The occurrence of tight oil is generally closely related to the physical features, pore types, pore throat sizes, and connectivity of the reservoir. The Type I reservoir mostly comprises intergranular and feldspar dissolution pores due to its excellent physical qualities. In addition, the pore development degree is high, the content of large and medium pores is high, and the pore–throat connectivity is superior. Therefore, the tight oil accumulation is large and the occurrence pattern is mainly cluster (Figure 4C,D). The reservoirs of Type II have typical physical characteristics, and the pores are mostly intergranular residual pores. In addition, the reservoirs contain a few primary intergranular and developing pores.
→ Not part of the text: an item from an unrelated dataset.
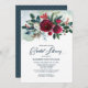 Dusty Blue | Burgundy Red Bloom Bridal Shower Invitation

Medium and macro pore contents are general; a few small pores exist and the connectivity is universal. Therefore, tight oil accumulation is smaller than that of the Type I reservoirs, and the occurrence pattern is mainly thin film and isolated (Figure 4A,B). The Type III reservoir has the poorest physical features, with micro and intercrystalline pores dominating the pore types. This reservoir has an abundance of small pores with weak pore–throat connection. Consequently, tight oil deposits are minimal.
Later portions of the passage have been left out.